A point-and-click exploration game, there’s a real nostalgic sensibility to Paperbark’s art for those who grew up in Australia. It’s rich in watercolours inspired by the illustrations in nature-centric Australian children’s books like Blinky Bill, Diary of a Wombat and Possum Magic.

“It’s what’s magically unique about Australia, we have these amazing plants and animals, and this amazing bushland. So we wanted to present that as it is, on face value,” Burdak added.

“That’s the essence of Paperbark, it’s this exploration game where you’re wandering through the bush. We just wanted to present that, and let people soak it up.”

Burdak said capturing those Australian colours was “incredibly hard,” but they’ve been receiving pointers from Diary of a Wombat illustrator Bruce Whatley.

“He really loves the game, and he’s been giving us great tips on how to do particular techniques,” Burdak said. 

When we saw the demo on display at PAX Australia, the game attracted a vast cross-section of ages, more so than many games on display at the conference.

It’s down to how beautiful Paperbark’s art is, but also making it a game that’s easy to just start playing. All you need is your finger, which you use to move the wombat around and paint an otherwise blank canvas.
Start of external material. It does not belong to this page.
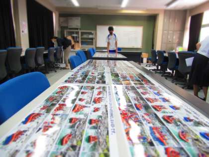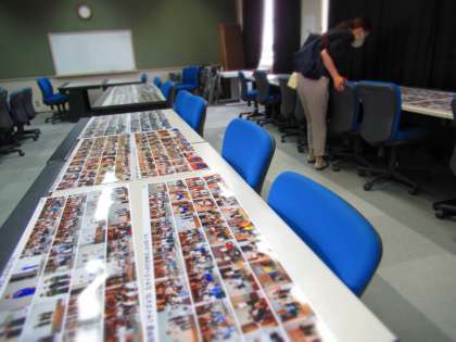 2年生は5月23日,24日に行った宿泊学習の写真を展示し,生徒と保護者さんが見て購入するものを選びました。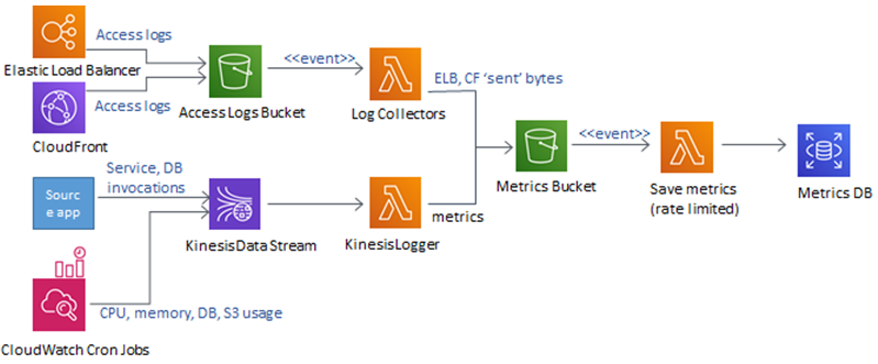 . - The ‘bytes_sent’ metrics harvested from the ELB and CloudFront access logs are aggregated before they get pushed to the metrics database. However, there’s opportunity to aggregate the rest of the metrics and do calculation based off aggregated values instead of using raw granular events, since the solution will not scale well and is not very efficient. We parked it as a future improvement.

“It has a lot of quiet time, and I think some people get a little scared of that.”

“We wanted accessibility to be a key, and we wanted anyone to just be able to pick it up and play. Obviously we want young kids to play it … but we also don’t want adults to shy from it as well,” Burdak explained. 

“Just because it doesn’t have guns or crazy action, it doesn’t mean you won’t get something out of it.”

In an exhibition hall filled with a cacophony of gun sound effects and the whirr of futuristic paraphernalia from other games, Paperbark cuts through the noise with its calm.

“It has a lot of quiet time, and I think some people get a little scared of that. They’re so used to having media throttling them with sound and action,” Burdak said.

“There’s just something really nice to get that feel of paper onto a screen. Not in the physical sense, but in the way it slows us down a bit.”